Я остолбенел. Она знает. Она обо всем знает.
– Что вы сказали?
– Я сказала, что с вами поступили ужасно. С вами и с другими детьми проекта «Новое поколение». И хорошо, что вмешательство в генетический код на вас никак не повлияло. Но нельзя же из-за этого вешать ярлык на всех остальных! Вот я, по-вашему, тоже монстр?
Я потер грудь и посмотрел на председателя. Ей известно о моей жизни больше, чем я предполагал. Больше, чем кому бы то ни было. Кто я в ее глазах? Жертва неудавшегося эксперимента, которым можно манипулировать? Крутить, как она хочет, чтобы получить информацию? А потом выбросить на обочину?
– На монстра вы не похожи, госпожа председатель. Но, как я уже сказал, я не верю личине. Пойдемте, нам пора искать выход.
Глава 7
Рагиль
Нам отсюда не выбраться, пора это признать. Мы блуждаем уже вечность, но не встретили даже намека на то, в какой стороне может быть выход. Этот этаж будто специально построили так, чтобы попавший сюда чужак оказался в ловушке. И даже запах Меллар, осевший на стенах, к которым она прикасалась, ничем не помогает. Я иду по его следу, надеясь хотя бы вернуться к лифту, но он нас только закольцовывает, и перед глазами оказываются все те же лаборатории, мимо которых мы проходили раньше.
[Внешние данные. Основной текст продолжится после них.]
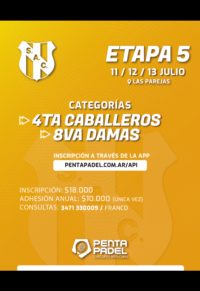 »» Evento: 4TA CAB - 8VA DAM / 11-12-13 DE JULIO / SPORTIVO LAS PAREJAS »» Localidad: Las Parejas »» Fechas: 10/07/2025 al 13/07/2025
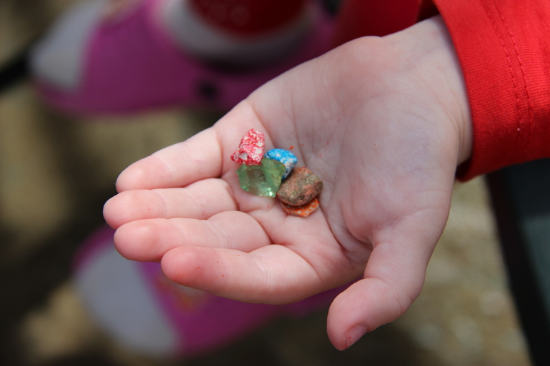Катюшка болтает без умолку,а Софиночка моя помощница,очень грамотная,но и плаксивость ее никуда не делась;)Мне вообще показалось,что дети подросли за этот месяц физически и умственно. А это Софинка разрисовывала камни икеевскими карандашами, называла их кристаллами)
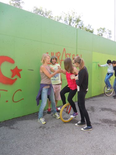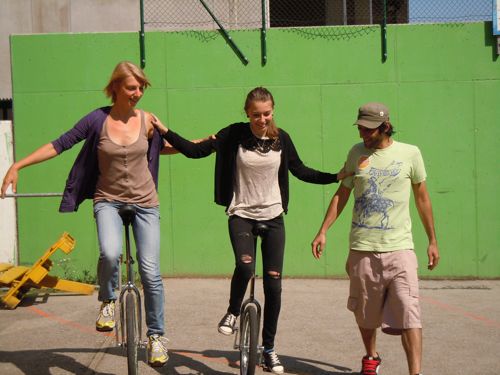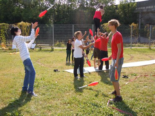 Die ArtistInnen des Zirkus Giovanni ermutigten die Jugendlichen bei den Workshops zum Mitmachen, zum Keulenschwingen, zum Tanzen, zum Einradfahren, zum "auf Menschenklettern" als wären sie Bäume. Es war ein gelungener Projekttag im Jugendgarten ECHO. Bei der gemütlichen Wanderung zurück zur Schule wärmte die Sonne die erhitzten Gesichter.
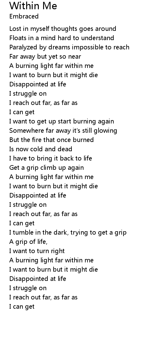 | A burning light far within me | |
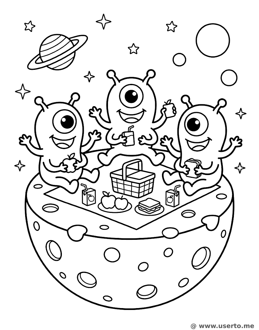 Piquenique de Queijo dos Monstros Espaciais - AI Coloring Book: To Me Grátis
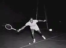Gonzales didn't play on the pro circuit at all in 1962. His only appearance in 1963 was at the United States Professional Championship, which were held that year at the hallowed Forest Hills courts. Gonzales both dismayed and infuriated his colleagues by being the only player who was paid for his participation. Having learned by bitter experience about the exigencies of the pro tour, Gonzales had demanded, and received, $5,000 in advance for his appearance in the tournament.[95] An out-of-shape, semi-retired Gonzales was beaten in the first round by Alex Olmedo.[96] Ken Rosewall eventually beat Rod Laver in the finals but neither of them collected a penny: the promoter had failed to obtain a television contract, could not meet his costs and couldn't pay any prize money to any of the players.[97]
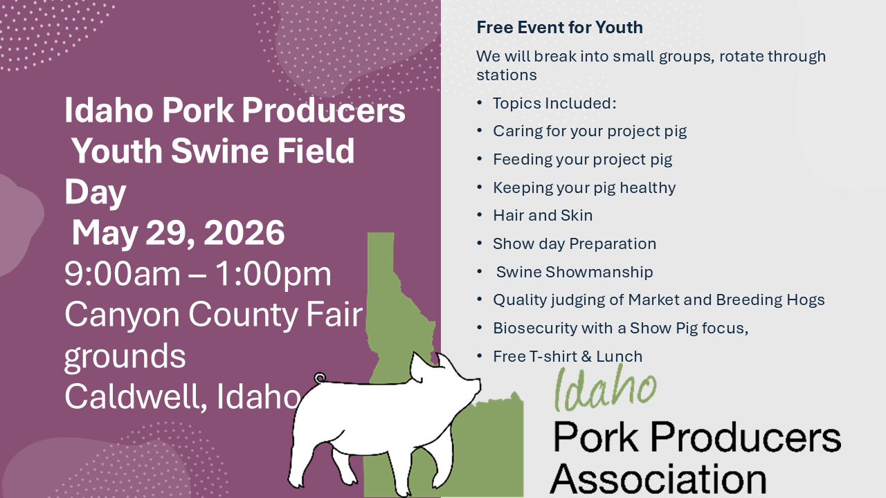 Winners will be announced May 29, 2026, at the Idaho Pork Producers Association Swine Field Days Event in
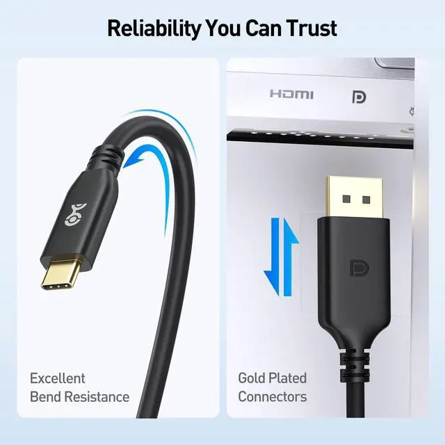 ![Alt view image 6 of 7 - [VESA Certified] 40Gbps Unidirectional USB C to DisplayPort 2.1 Cable - 6.6ft, Supports DP40, 8K@120Hz / 4K@480Hz (Thunderbolt 4 to DisplayPort Cable) - Not for Portable USB-C Monitor](https://c1.neweggimages.com/productimage/nb640/C595D2603290UWV2PDA.jpg)
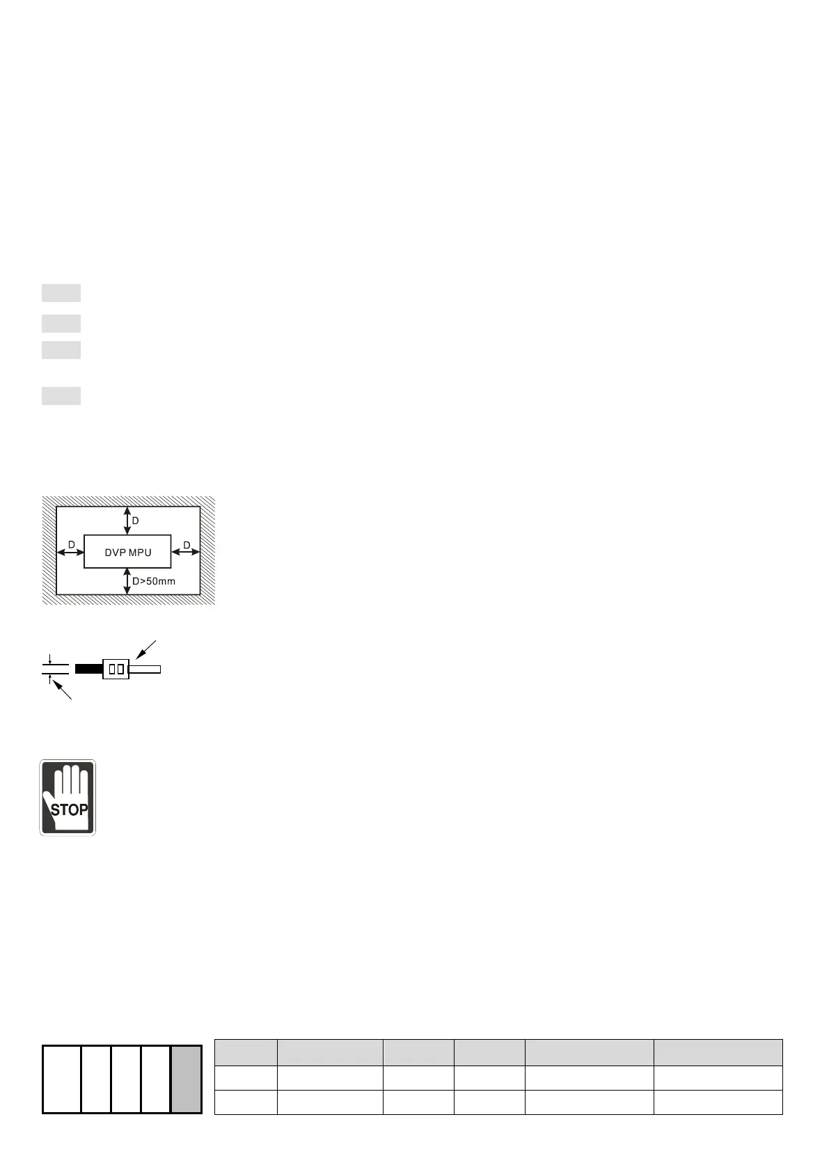 DVP 系列 PLC 在安裝時,請裝配於封閉式之控制箱內,其周圍應保持一定之空間(如下圖所示),以確保 PLC 散熱功能正
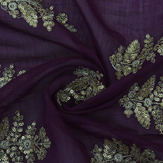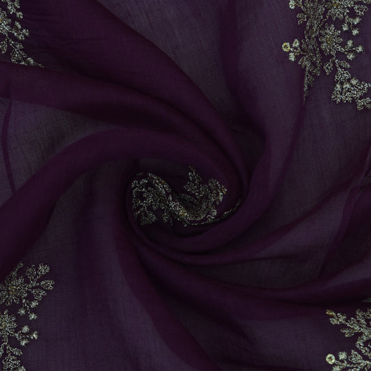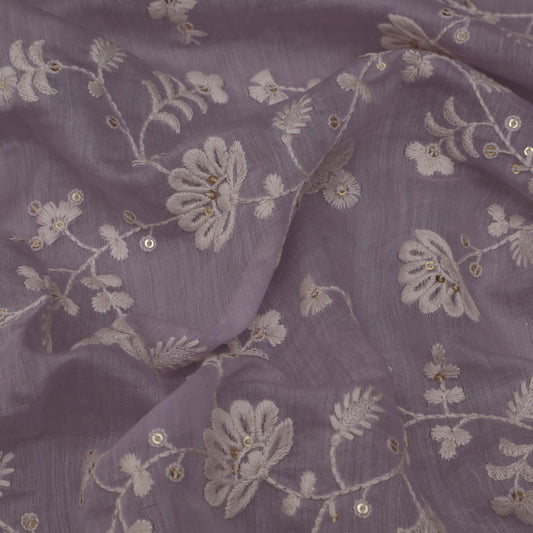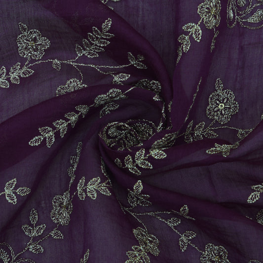 Purple Color Chanderi Embroidery Fabric
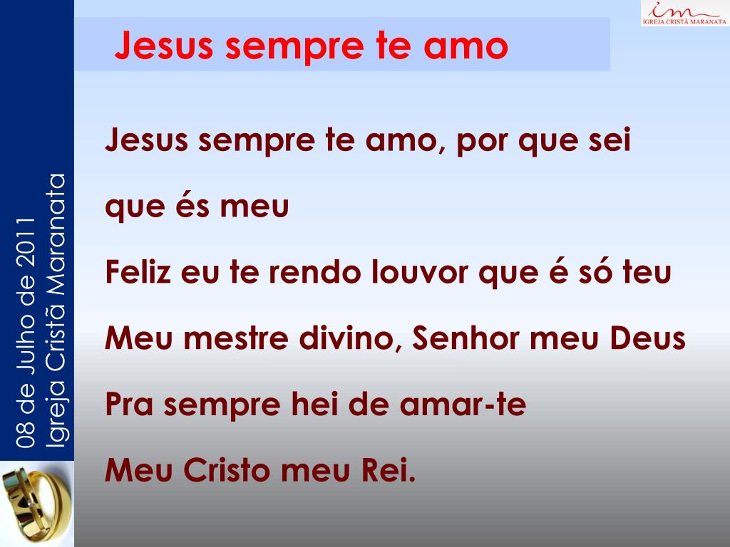 Jesus sempre te amo Jesus sempre te amo, por que sei que és meu Feliz eu te rendo louvor que é só teu Meu mestre divino, Senhor meu Deus Pra sempre hei de amar-te Meu Cristo meu Rei. 08 de Julho de 2011 Igreja Cristã Maranata
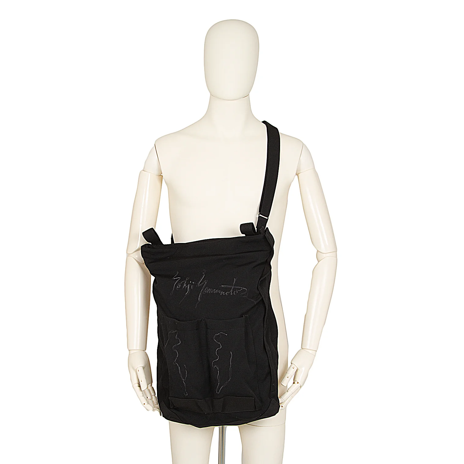ヨウジヤマモト プールオムYohji Yamamoto POUR HOMME ウールギャバ重ねマチレイヤードバッグ 黒
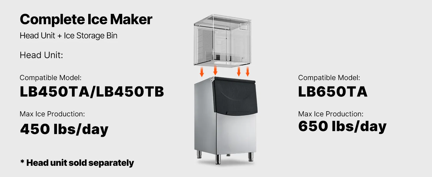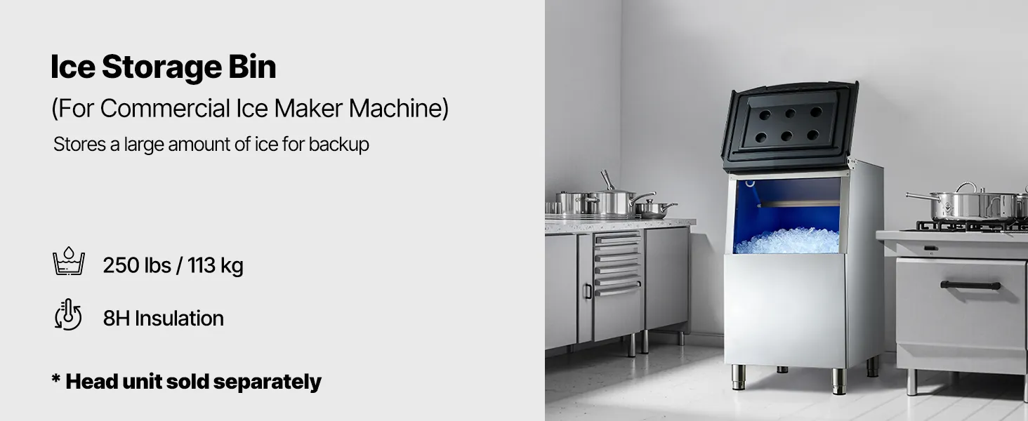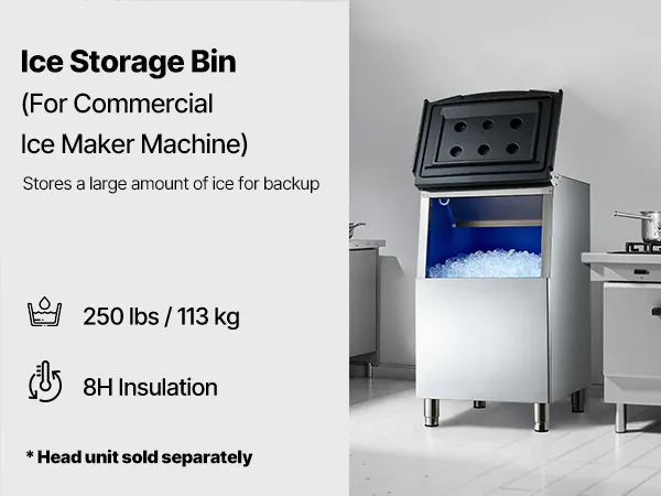 Duża pojemność magazynowania lodu: komercyjna kostkarka do lodu (pojemnik na lód) może przechowywać do 250 funtów (113 kg) lodu, zapewniając duży zapas lodu zaspokajający Twoje potrzeby.
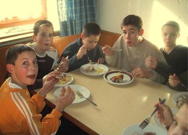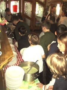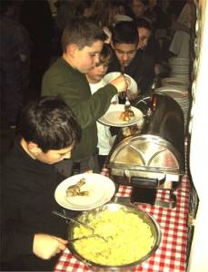 Jeder nimmt sich sein Essen. |
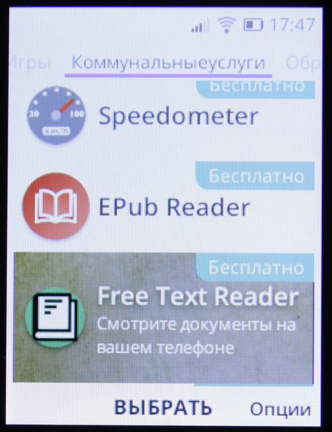 Отметим, что в принципе система KaiOS предусматривает установку пользовательских приложений, но, видимо, разработчики этого телефона ограничили доступ к файловой системе. В итоге на телефоне можно включить режим отладки и подключить его через adb к ПК, но на этом все, дальше этого шага несколько доступных инструкций по установке стороннего ПО уже не работают. Остается Магазин приложений. Выбор в нем небольшой, но можно, например, установить программу для чтения электронных книг.
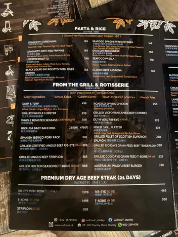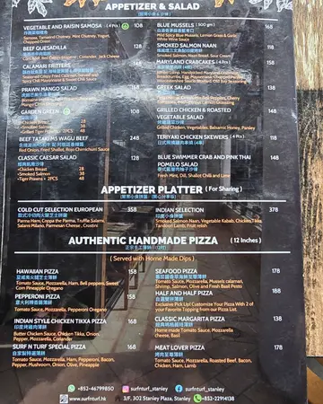 Surf & Turf Grill and Bar,坐落於赤柱廣場,坐擁迷人海景,絕對是個適合悠閒用餐的理想之選。餐廳主打西式Fusion菜,環境舒適宜人,更貼心歡迎寵物🐶,非常適合親子同樂,或是與毛孩一同享受美食。 首先,我們點了Chicken Tikka(印度咖哩馬薩拉雞),價格為$158。這道菜的咖哩香氣撲鼻,雞肉入味至極,搭配Plain Naan(印度烤餅)更是絕配,烤餅的香脆與咖哩的濃郁完美交織,令人回味無窮。 接著,我們品嚐了Scottish Salmon Fillet(烤蘇格蘭三文魚扒),價格為$268。三文魚扒烤製得恰到好處,外皮微焦,內裡卻鮮嫩多汁,魚肉的鮮甜在口中緩緩散開,令人陶醉。配菜方面,我們選擇了清爽的Tomato Salad和Garden Green田園沙律,兩者都非常清新解膩,為整體菜品增色不少。 甜品環節,我們點了Cheese Cake(紐約芝士蛋糕)和Tiramisu(意大利芝士蛋糕),價格均為$78。芝士蛋糕口感綿密,味道濃郁,而Tiramisu(提拉米蘇)的口感非常特別,入口即化,彷彿在吃雪糕般,咖啡的微苦與馬斯卡彭芝士的香甜完美融合,帶來多層次的味蕾享受。 飲品方面,我們點了Pineapple Smoothie和Mango Milkshake,價格都是$78。Smoothie口感順滑,水果味十足,而Milkshake則香甜可口,為整個用餐體驗增添了愉悅感。 總體而言,Surf & Turf的用餐體驗令人非常滿意。除了美味佳餚,服務態度也非常好,餐廳的氛圍亦令人印象深刻,特別是逢星期二至日晚上,餐廳會有現場音樂表演,每晚都有不同的主題,為用餐增添了熱鬧氣氛。總的來說,Surf & Turf絕對是個適合與家人朋友一同享受美食、欣賞海景、放鬆身心的好去處,也是赤柱Chill Out的最佳選擇! …查看更多
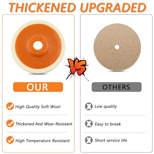 【Sicuro e Resistente】La copertura in plastica del 125 mm Disco Ruota di Lucidatura in Feltro di Lana è saldamente collegata alla mola attraverso un forte adesivo, che non è facile da staccare, dando un maggiore senso di sicurezza.
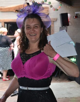 After winning Best Hat, Linda Hamer also won the ‘Guess how many bras in the Barrel’ competition, guessing correctly at 133.
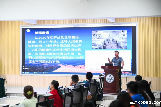 蔡鄂教授从当今世界的局势、如何理解“百年大变局”、我国国家安全面临的挑战三个方面进行分析阐述。面对世界百年未有之大变局,我们要更加紧密地团结在以习近平同志为核心的党中央周围,深刻领悟“两个确立”的决定性意义,进一步增强“四个意识”、坚定“四个自信”、做到“两个维护”,坚定不移听党话、跟党走,以实际行动迎接党的二十大胜利召开。
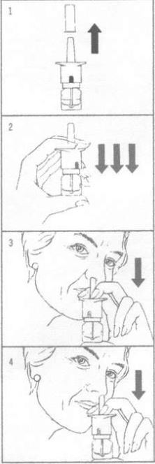 3.Den Kopf leicht nach vorne neigen und den Sprühkopf in eine Nasenöffnung so einführen, dass sich der Sprühnebel gleichmässig verteilen kann, d.h. die Düsenöffnung sollte nicht gegen die Nasenwand gerichtet sein. Die Dosierpumpe EINMAL (rasch und kräftig) herunterdrücken und wieder loslassen (s. Abb. 3). Im Fenster der Zählerscheibe erscheint die Ziffer 1.
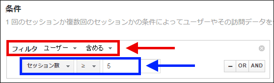 | いずれかのユーザー(OR): | 過去に5回以上訪問しているユーザー |
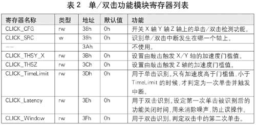 諾基亞8800CA手機除了有“翻轉靜音”的功能外,還有雙擊手機顯示時鐘的功能。其中敲擊的識別可以通過加速度傳感器來實現。LIS35DE集成了識別單擊或雙擊的功能模塊,通過寄存器設計就可以識別出單擊以及兩次單擊是否符合雙擊的條件。LIS35DE的單雙擊功能由地址為38h~3Fh的寄存器控制,如表2所示。
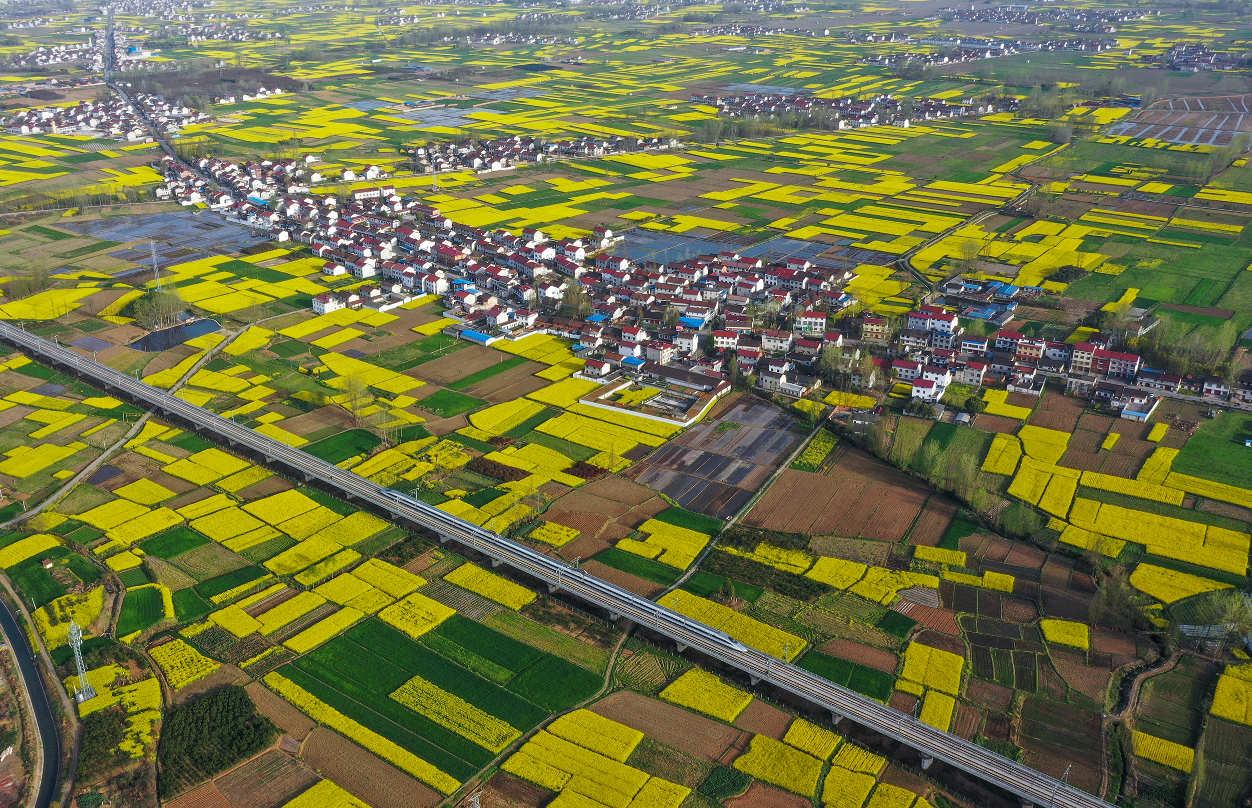 3月28日,在陕西省汉中市城固县境内,高铁穿行在盛开的油菜花田间(无人机拍摄)。 新华社发(罗汉涛 摄)
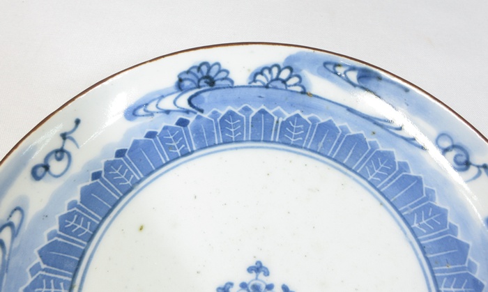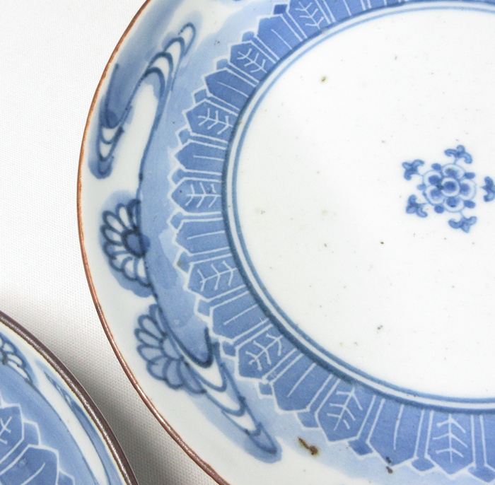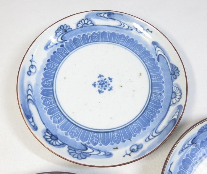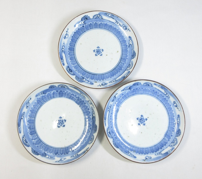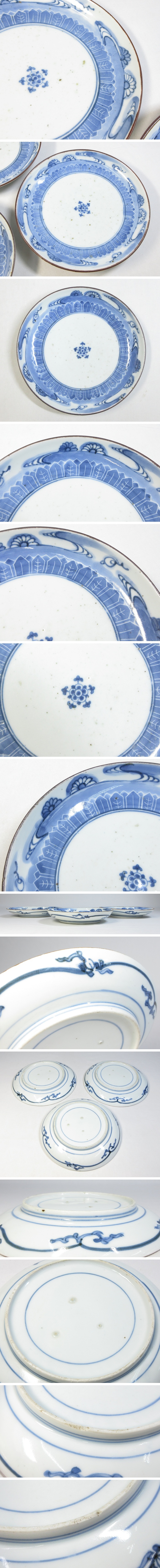 【A1233】古伊万里 染付 江戸時代 藍柿手 藍柿右衛門 五弁花 流水文 中皿 三客 收藏

Нам пришлось сделать очередную остановку. Председатель больше не может идти, а я не могу принюхиваться. Мои ноги горят, а голова вновь болит от обилия запахов, которые я не способен выносить в таком количестве. После генетического вмешательства мои рецепторы стали в сотню раз чувствительнее, чем у обычного человека, но мой мозг остался прежним. Он не может перерабатывать так много информации без дополнительных калорий, а я не ел уже больше 12 часов. Поход в Корпус превратился в борьбу за выживание.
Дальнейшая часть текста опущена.